If one considers the current state of electronic scholarly communication, it displays many of the characteristics of the early explosion in the diversity of life on earth. The new ecological niche is that of online publishing, free from many of the constraints of the print world. The analogy should probably not be pushed too far, but in a moment of whimsy one might think of the first e-journal as being a little like the first lungfish pushing its way arduously up some primeval beach on its way to start the colonization of the land.

It is certainly true that the last decade has seen a great diversity of forms of electronic scholarly communication: ftp-based journals, mailing lists, journals on CD-ROM, Web-based journals, MUDs/MUSHs/MOOs as collaborative and publishing spaces, and proprietary SGML-based journals. We are starting to see some of this diversity being narrowed down as particular forms are abandoned and as the scholarly world standardises on a subset of these early experiments. Early proprietary experiments like the OCLC Guidon interface have been abandoned in favour of open standards like the Web. Many electronic publishers are choosing to standardise on Acrobat for parallel print/electronic delivery, or where the formatting requirements make HTML problematic.

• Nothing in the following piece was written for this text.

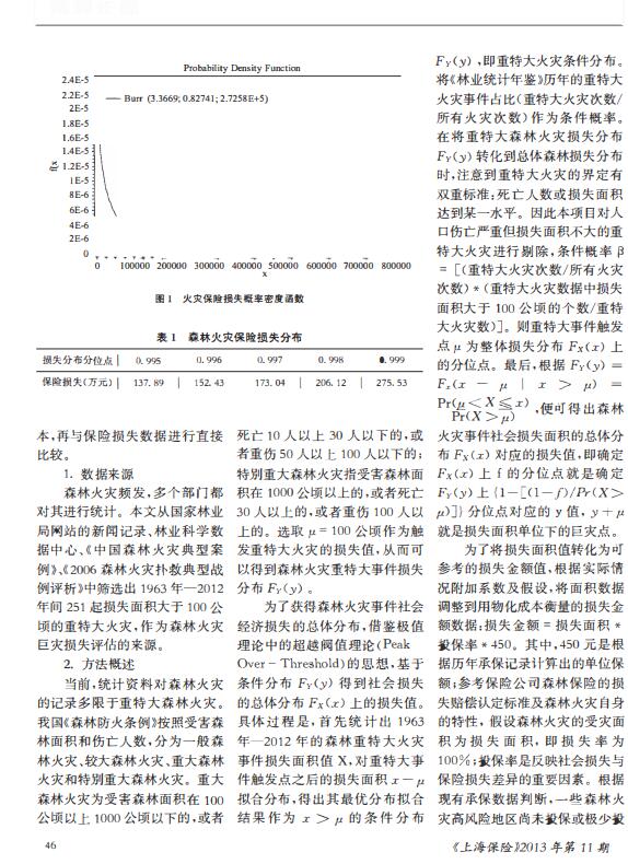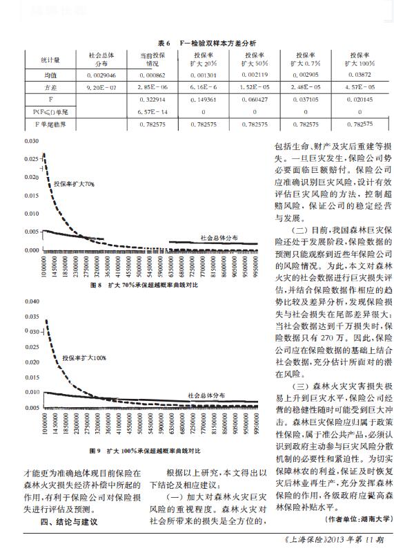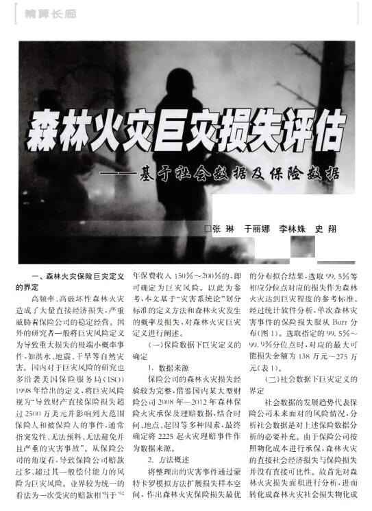 导读:社会数据应作为保险数据损失分析的重要补充,以实现更完整的森林火灾巨灾损失评估,农产品评估,苗木评估。由于目前社会损失数据的统计资料仅限于重特大森林火灾,无法得到一个精确的整体损失分布,因此财产损失评估公司,专业评估公司也不能得到相应的整体超越概率曲线。本文依据极值理论,在得出的尾部巨灾损失分布Pareto2上进行蒙特卡罗模拟,得到大量的损失及对应的发生概率,用条件分布的理论将尾部损失分布上的点调整到整体损失分布上,随后求出模拟损失在整体分布上相应的超越概率,对超过巨灾水平的损失值及超越概率画出散点图,再进行趋势回归,便得出选定巨灾水平下的超越概率曲线。采用上述方法得到的社会数据的超越概率曲线为幕函数的形式(图5)'表达式为y= 2.866x-o·45。从回归模型的分析结果(表4)可以看出,接近1表示方程中变量X对Y的解释程度很高;显著性水平在0.05以下表示回归方程的线性关系显著;F检验通过,回归方程整体显著。因此,图5超越概率曲线较好地评估并预测了森林火灾社会巨灾损失水平。   |

In terms of the theory of punctuated equilibrium, it appears that we are in the middle of a punctuary jump after the stasis of the last century (at least) of print journal publishing. New species of communication artifacts are emerging to fill the new online niches. Existing players in the scholarly communication ecology are changing their roles and evolving within the new environment. If the analogy with punctuated equilibrium holds, then a new period of stasis should be anticipated. The prediction of this thesis is that the overwhelming majority of print scholarly journals will have completed their transition to an online existence by 2010 and we will then see another (although perhaps shorter, due to the pace of technological change) period of relative stasis. In the move to this new online status quo, there is the potential for new stakeholders to emerge and existing stakeholders to redefine their roles. This thesis has served to illuminate some of this change.